2. User Access Graph Explorer:

   • This section allows you to visualize a specific user's access to resources.
   • User Search:
     • Use the "Search for a User" input bar to find users. You can enter a partial name, email, or platform-specific user ID.
     • Click "Search". A list of matching users will appear below.
     • Click on a user from the results list to select them for graph visualization.
   • Direct User ID Input:
     • Alternatively, if you know the user's global Neo4j ID (e.g., user_AWS_AROAUEXAMPLEID:username), you can enter it directly into the "Or Enter User Global ID Directly" input field and click "Visualize by ID".
   • Filtering the Graph View:
     • Platform Filter: Use the "Filter by Platform" dropdown to select a specific cloud platform (AWS, GCP, Azure, Okta) or "All Platforms". The graph will update to show resources only from the selected platform(s) that the user can access.
     • Resource Type Filter: Use the "Filter by Resource Type" input field to type a specific resource type (e.g., AWS::S3::Bucket, Okta::App, GCP::Compute::Instance). The graph will update to show only resources of that type accessible by the user, respecting the platform filter as well.
   • Graph View:
     • Once a user is selected and filters are (optionally) applied, an interactive graph is displayed.
     • The central node represents the selected user.
     • Other nodes represent resources accessible by that user, matching the filter criteria.
     • Nodes are color-coded by platform.
     • Clicking on any node in the graph will display its detailed information in a panel below the graph.
     • You can pan and zoom the graph for better exploration.

3. Detailed Access Table:

   • Below the graph explorer, the "Detailed Access Table" displays the same set of accessible resources (for the selected user and active filters) in a tabular format.
   • The table shows columns like Resource Name, Type, Platform, and the Global ID (Neo4j) of the resource.
   • This provides an alternative, list-based view of the data shown in the graph.
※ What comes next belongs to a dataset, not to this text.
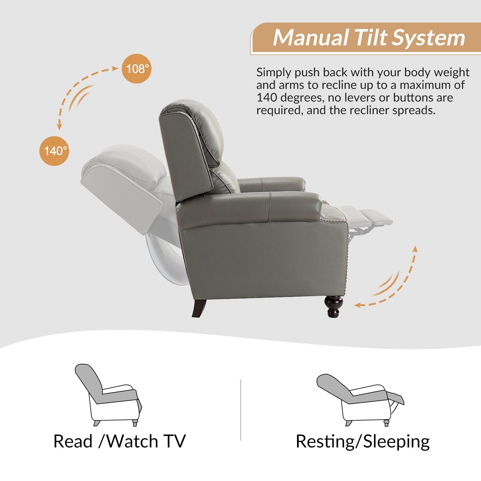 Ensemble de 2 fauteuils inclinables Gabriela en cuir véritable, style Mid-Century Modern, avec garniture cloutée, par HULALA HOME

Data Ingestion (Admin/Setup Task)

• The backend provides API endpoints to trigger data ingestion from configured cloud platforms (AWS, GCP, Azure, Okta) and for manual JSON uploads. These are typically used during setup or for periodic data refreshes.
• Refer to the Backend API Guide for details on how to use these ingestion endpoints (e.g., via tools like Postman or cURL).

Contributing

Contributions are welcome! Please open an issue or submit a pull request for any enhancements or bug fixes.

License

This project is licensed under the MIT License. See the LICENSE file for details.